Does increased patenting imperil the academic mission? • Does greater emphasis on one channel of university-industry interaction have a chilling effect on others? • Emphasis on patenting may create frictions, rather than facilitating university-industry research collaboration, particularly in non-biomedical fields. • Will increased “patenting of science” impede research? • Does patenting promote or limit technology exploitation? • Emphasis by many universities on licensing revenues may be unrealistic and impedes other objectives. • University of California systemwide net institutional revenues in 1999-2003 = US$15M/yr., small share of overall research budget of nearly US$3B/yr. • Tradeoffs among objectives (faculty retention, encouragement of regional economic development, technology transfer) are inevitable, but rarely articulated. • Political risks for universities. • Madey v. Duke: Federal court opinion portrays Duke University as a revenue-seeking inventor, denies “experimental use” defense against infringement claims.
Conclusion • Bayh-Dole extended, rather than creating a “new era” in US university patenting, licensing, industry collaboration. • Long history of such collaboration reflects structural characteristics of US higher education “system.” • Growth of patenting in the 1980s was rooted in developments during the 1970s. • In important respects, Bayh-Dole was a response to increased university interest in patenting, rather than an “exogenous” causal factor. • Other developments in US IPR policy, as well as growth in biomedical research funding and scientific advances, contributed to the growth of patenting during the 1980s. • Bayh-Dole reduced the ability of public agencies (e.g., NIH) to regulate the terms of university licenses. • The “endogeneity” of Bayh-Dole is not surprising, but this feature of the Act may limit the effects of its emulation by other industrial-economy governments.
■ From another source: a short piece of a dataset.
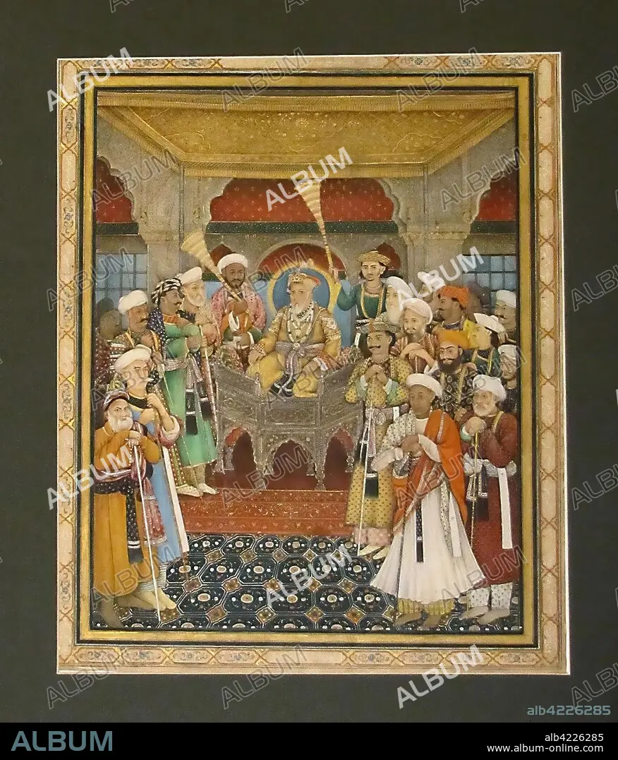 Caption: 'Darbar of the Mughal Emperor Akbar II'. India, Delhi, 1820-1830s. Dimensions: 36,7x33,5 cm.

Conclusion (2) • Much of the increased patenting of the 1980s & 1990s likely would have occurred in the absence of Bayh-Dole. • More than a “Bayh-Dole policy” is needed to stimulate closer interaction between universities and industry. • Structure of public research funding. • Structure of university system. • Importance of institutions external to the university. • The multiplicity of channels through which universities and industry collaborate in research and knowledge exchange means that the importance of patents for university-industry technology & knowledge transfer varies across and within industries. • Neither necessary nor sufficient in some research fields. • Necessary but not sufficient in others.